As well as the potential benefits to ESG investors in making investment decisions, the advantages of adopting this tech will be obvious to firms engaged in climate litigation, who can leverage the speed of GenAI to assess potential greenwashing over a much larger number of third-party chains.

Risks of using GenAI to identify greenwashing

While GenAI can streamline an initial review for greenwashing, care (and cost) must be taken to ensure the accuracy of an LLM's output.

The 'robustness' and accuracy of output is a concern. GenAI has exhibited the capacity to output information that is incorrect (while still sounding plausible) and then subsequently defend the accuracy of the output.

This phenomenon is known as 'hallucination'. In relation to greenwashing, an example may be where underlying data is cited in an ESG report but cannot be verified without real-world environmental assessment.

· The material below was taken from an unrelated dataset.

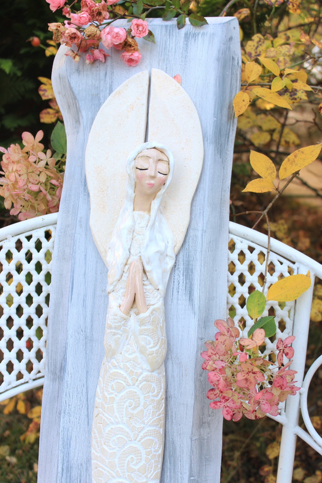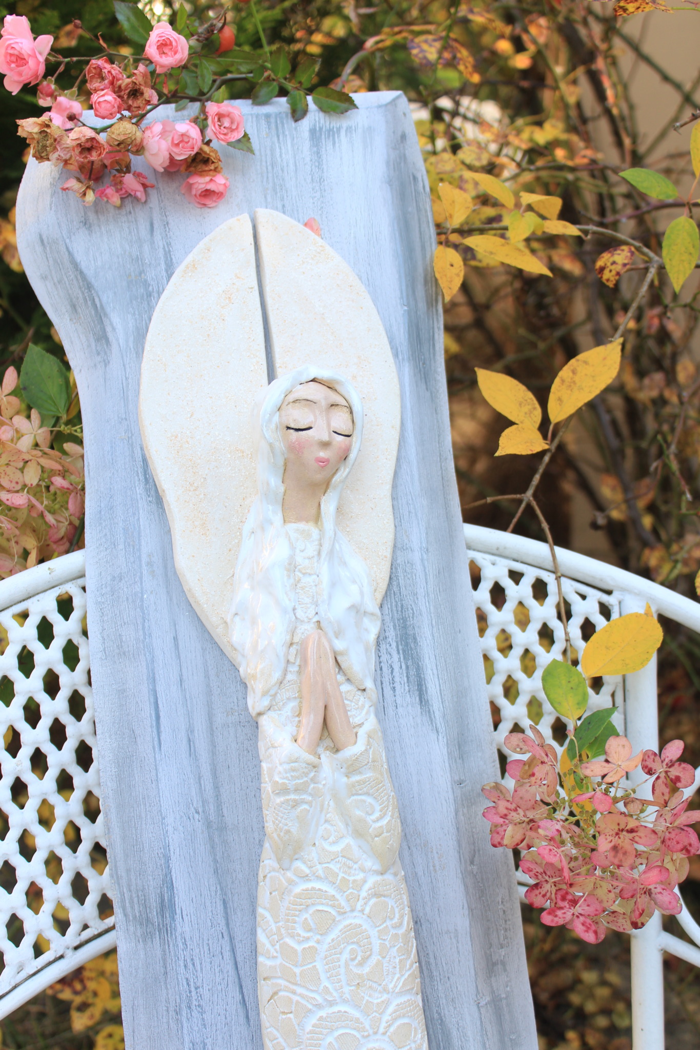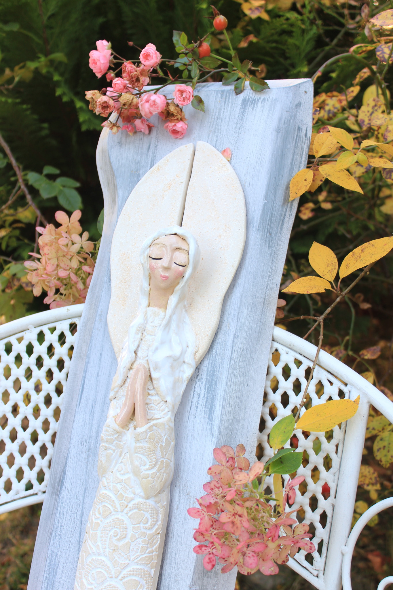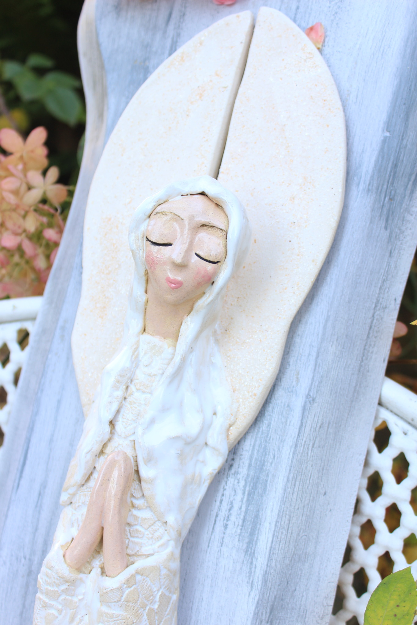 • Ceramiczny anioł na desce wykonany ręcznie z gliny w pojedynczym egzemplarzu. Anioł jest całościowo szkliwiony i na stałe przyklejony do deski odpowiednio wcześniej zabezpieczonej. Z tyłu deski znajduje się stosowny otwór z blaszką do regulacji. Szczególnie polecamy tą rzeźbę, jako prezent na specjalne okazje takie jak, śluby, rocznice ślubu bądź jako prezent bożonarodzeniowy. Jej wyjątkowy wygląd sprawi, iż będzie to unikatowa ozdoba ścienna.
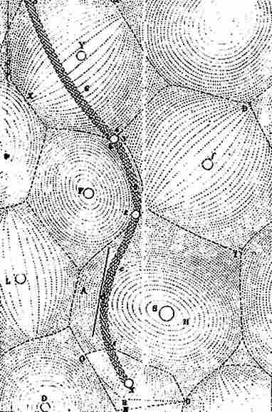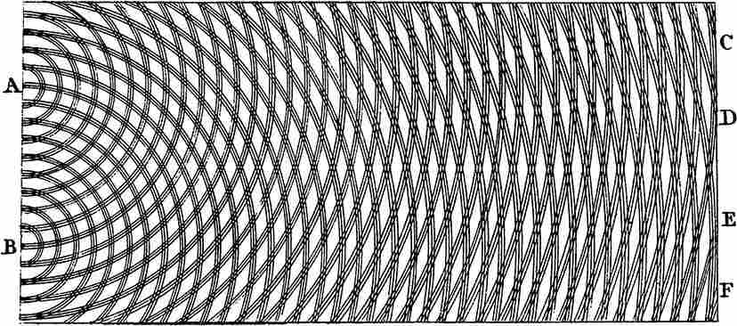 Набросок Томаса Юнга двухслойной интерференции, основанный на наблюдениях волн воды

If asked to comment on the veracity of this data, a model may hallucinate a response which purports to rely on real-world data which in fact does not exist.

Proceeding with caution

As greenwashing-specific LLMs develop, risks concerning output accuracy and the need for human verification should decrease. ESG-related datasets should be carefully selected to ensure that training mitigates these concerns. FIs should carefully weigh up their ethical and governance policies on using AI.

Increasingly burdensome ESG reporting requirements and the need for a scalable solution naturally lead us to GenAI, which is capable of consolidating information and identifying potential greenwashing at superhuman speeds.

While the solution is not infallible, the technology will continue to improve and the risks associated with GenAI may become less concerning to FIs.